Three patterns explain who is advancing and who is dug in. The first is a clean segmentation line opening up between an AI-native challenger and the scaled incumbent. The second is the platform pressure a bundled-by-default SOC plane exerts on every standalone vendor below it. The third is the absorption test that will decide whether platform consolidation can actually replace best-of-breed SIEM, or whether telemetry economics quietly defeat the consolidation pitch. Each is a falsifiable thesis, not a forecast — I have named the public signal that would confirm or refute it by the next refresh.
ProductBeacon
Pattern Claim 1 — The Sentinel...
Pattern Claim 1 — The SentinelOne–CrowdStrike Bifurcation Thesis
Observation.
SentinelOne reported Q1 FY27 (period ended 2026-04-30) ARR of $1,163M, up 23% year-over-year, and disclosed that roughly 50% of total company ARR now comes from non-endpoint solutions — Data, AI, and Cloud — a milestone the company framed as its emerging solutions reaching half of total ARR 60.
In the same period it launched Purple AI Auto-Investigations, positioning autonomous triage as a headline capability 60.
CrowdStrike, over the same window, crossed $5.25B ending ARR at 24% year-over-year growth, with its Falcon Flex consumption model reaching $1.69B in ending ARR (up over 120% year-over-year) across more than 1,600 customers averaging over $1M in ARR each 61.
Both vendors are named Leaders in the 2026 Gartner Magic Quadrant for Endpoint Protection Platforms — CrowdStrike for the seventh consecutive year and positioned highest in both axes, SentinelOne for the sixth 62.
My read.
I read this as the two vendors no longer competing for the same buyer with the same pitch.
CrowdStrike is selling scale and consolidation-by-consumption: Falcon Flex is a land-and-expand instrument that lets a large enterprise pre-commit a budget and draw down modules.
The 120%+ Flex growth tells me the incumbent's moat is increasingly commercial — the buyer who has standardized on Falcon finds it cheaper to add a module than to evaluate a competitor.
SentinelOne's 50%-non-endpoint mix is a different bet: it is trying to win the buyer who is choosing a SOC platform fresh, on AI-native architecture and data/cloud breadth, rather than the buyer defending an installed Falcon estate.
These are becoming two distinct buyer segments, and the AI-native-versus-incumbent framing is starting to function as a clean segmentation line rather than a feature war.
Conditional prediction.
The bifurcation is real and durable if SentinelOne's H2 2026 and FY27 earnings continue to disclose a rising non-endpoint ARR mix (above the ~50% Q1 mark) AND it converts that into named-outlet enterprise reference wins displacing an incumbent EDR estate. That would show the AI-native segment is large enough to sustain a public pure-play.

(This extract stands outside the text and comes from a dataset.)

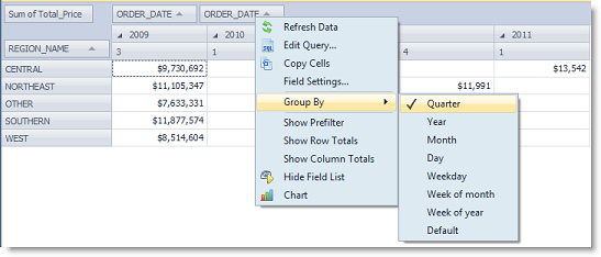 12. One very convenient feature of the pivot grid is the way it groups dates. To demonstrate this, right-click the ORDER_DATE field in the Column Area and select Group By. From the list, select Year. Then add the date column a second time and select Group By | Quarter.

If instead the non-endpoint mix plateaus, and CrowdStrike's Falcon Flex ending ARR keeps compounding above 80% year-over-year while SentinelOne's net-new ARR growth decelerates, then the "bifurcation" is a transitional artifact, and the incumbent's consumption-model scale reabsorbs the contested middle.
Pattern Claim 2 — The Microsoft Platform-Pressure Thesis
Observation.
In January 2026 Microsoft extended the retirement of the Microsoft Sentinel experience in the Azure portal from the original 2026-07-01 date to 2027-03-31, after which all SIEM and SOAR capabilities will operate exclusively inside the Microsoft Defender portal 63.
Microsoft describes the unified Defender portal as the foundation for a single SOC operating model built on a two-tier data architecture, graph-based investigation, and AI agents.
New Sentinel instances created after August 2025 already default to the Defender portal 63.
This consolidation rides on the M365 E5 commercial bundle, where Defender and Sentinel reach the buyer as part of a license the enterprise has frequently already purchased for productivity and identity reasons.
My read.
I read the deadline extension not as a retreat but as the opposite — Microsoft is in no hurry because the bundle does the selling.
When a SOC plane arrives effectively pre-paid inside an E5 agreement, the competitive question for a standalone EDR or SIEM vendor stops being "is your product better" and becomes "is your product enough better to justify a second line item the buyer could fold into a license they already hold."
My view is that this pressure is sharpest at the mid-market, where security teams are smaller, the E5 estate is already in place, and the marginal appeal of "good enough and already included" is highest.
At the high end, where SOC teams are large and best-of-breed detection efficacy is a board-level concern, the bundle pressure is real but more resistible.
The extended runway to 2027-03-31 simply gives Microsoft a longer window to convert E5 holders to the single Defender plane before standalone vendors can reprice against it.
Conditional prediction.
The thesis is confirmed if two conditions hold together: two or more standalone EDR/SIEM vendors cite Microsoft bundling as a named headwind in their FY2026–FY2027 earnings commentary on deal sizes or mid-market win rates, AND Microsoft discloses accelerating adoption of the unified Defender SOC plane through the 2027-03-31 retirement. In that case the standalone mid-market deal economics compress.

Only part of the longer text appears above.